マイクロインジェクションを使用して安定したトランスジェニック線虫の世代
Summary
このビデオでは、トランスジェニック動物を作成するために線虫の生殖巣にマイクロインジェクションのテクニックを示しています。
Abstract
トランスジェニック線虫(Caenorhabditis elegans)は、容易に生殖腺1内へのDNAプラスミド溶液のマイクロインジェクションを使用して作成することができます。プラスミドDNAは安定して実際の染色体の2と同じ効率でも、ではない継承されている体外コンカテマーを形成するために再配置。目的の遺伝子は、解剖顕微鏡下でトランスジェニック動物の選択を可能にするために、そのようなROL – 6やGFPなどの明らかな表現型マーカーと共注入されます。外来遺伝子は、細胞内局在の研究のためにその天然のプロモーターから発現させることができる。また、導入遺伝子は、その特定の細胞または組織における遺伝子産物の役割を評価するために、異なる組織特異的プロモーターによって駆動することができます。この手法は、効率的に生殖細胞または初期胚3以外C. elegansの全組織での遺伝子発現を駆動します。トランスジェニック動物の作成は、広く実験的なパラダイムの範囲に利用されている。このビデオでは、トランスジェニックワームを生成するためにマイクロインジェクションの手順を示しています。さらに、安定したトランスジェニック線虫の行の選択と維持管理が記載されている。
Protocol
Discussion
この手順を行うとき、それは覚えておくことが重要です。
– 生殖腺の中央に直接注入する
– あまりにも多くの液体を注入しない
– dessicationを防ぐために迅速に働く。
もしそれが大きすぎて壊れているような針、で問題に直面している場合、それはむしろ理想的な針よりも小さいと注入しようとするよりも、新鮮な針を再作成するのが最善です。
トランスジェニックワームの発生は、…
Acknowledgements
我々はすべてコールドウェル研究室のメンバーの協力精神を認識したい。

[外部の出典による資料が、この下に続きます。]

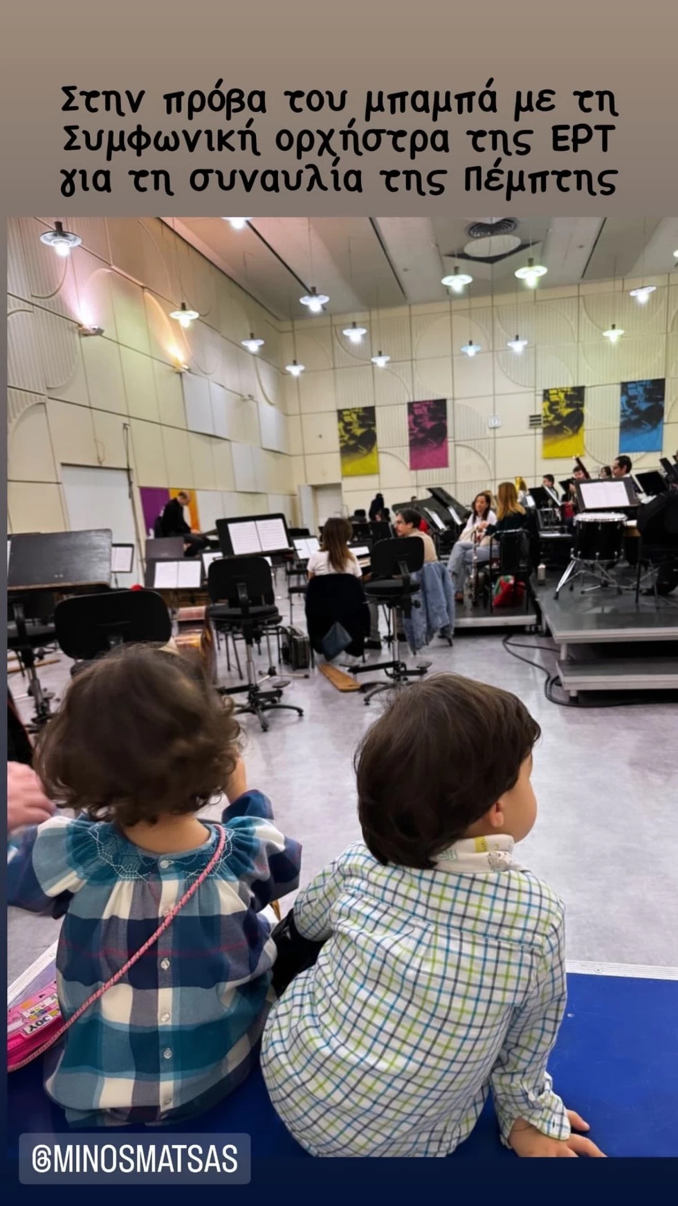 Πριν από λίγους μήνες είχε δημοσιεύσει φωτογραφία, με τα δίδυμα παιδιά της, να παρακολουθούν την πρόβα του πατέρα τους Μίνωα Μάτσα. «Στην πρόβα του μπαμπά με τη συμφωνική ορχήστρα της ΕΡΤ για τη συναυλία της Πέμπτης», είχε γράψει η Όλγα Κεφαλογιάννη στη φωτογραφία των διδύμων.

ラボにおける運動障害の研究は、バッハマン-シュトラウスジストニア&パーキンソン財団、米国パーキンソン財団、米国パーキンソン病協会、アラバマ州のパーキンソン病協会、パーキンソン病研究のためのマイケルJフォックス財団、および学部研究によってサポートされています。
Materials
| Material Name | Tipo | Company | Catalogue Number | Comment |
|---|---|---|---|---|
| Agarose | Ultrapure | Invitrogen | 15510-027 | |
| Halocarbon Oil, Voltalef | Hulle 10S | elfatochem, France | ||
| Coverglass 18×18 mm | Fisher | 12-548-A | ||
| Coverglass 20×30 mm | Fisher | 12-548-5A | ||
| Coverglass 22×50 mm | Fisher | 12-545-E | ||
| 100 ul Capillary | VWR | 53432-921 | ||
| Glass Capillary for Needles | “Kwik-Fil” | World Precision Instruments | 1B100F-4 | |
| Needle Puller | Tool | Narishige | Model PP-830 | |
| microINJECTOR System | Tritech Research | MINJ-1000 | Scope, Stage, Manipulator | |
| Dissecting, with Fluorescence | Microscope | Nikon | SMZ800 | |
| Dissecting | Microscope | Nikon | SMZ645 |
Riferimenti
- Stinchcomb, D. T., Shaw, J. E., Carr, S. H., Hirsh, D. Extrachromosomal DNA transformation of Caenorhabditis elegans. Mol. Cell. Biol. 5, 3484-3496 (1985).
- Mello, C. C., Kramer, J. M., Stinchcomb, D., Ambros, V. Efficient gene transfer in C.elegans: extrachromosomal maintenance and integration of transforming sequences. EMBO J. 10, 3959-3970 (1991).
- Kelly, W. G., Xu, S., Montgomery, M. K., Fire, A. Distinct requirements for somatic and germline expression of a generally expressed Caenorhabditis elegans gene. Genetica. 146, 227-238 (1997).
- Cao, S., Gelwix, C. C., Caldwell, K. A., Caldwell, G. A. Torsin-mediated neuroprotection from cellular stresses to dopaminergic neurons of C. elegans. J Neurosci. 25, 3801-3812 (2005).
- Caldwell, G. . Integrated Genomics: A Discovery-Based Laboratory Course. , (2006).
- Brenner, S. The genetics of Caenorhabditis elegans. Genetica. 77, 71-94 (1974).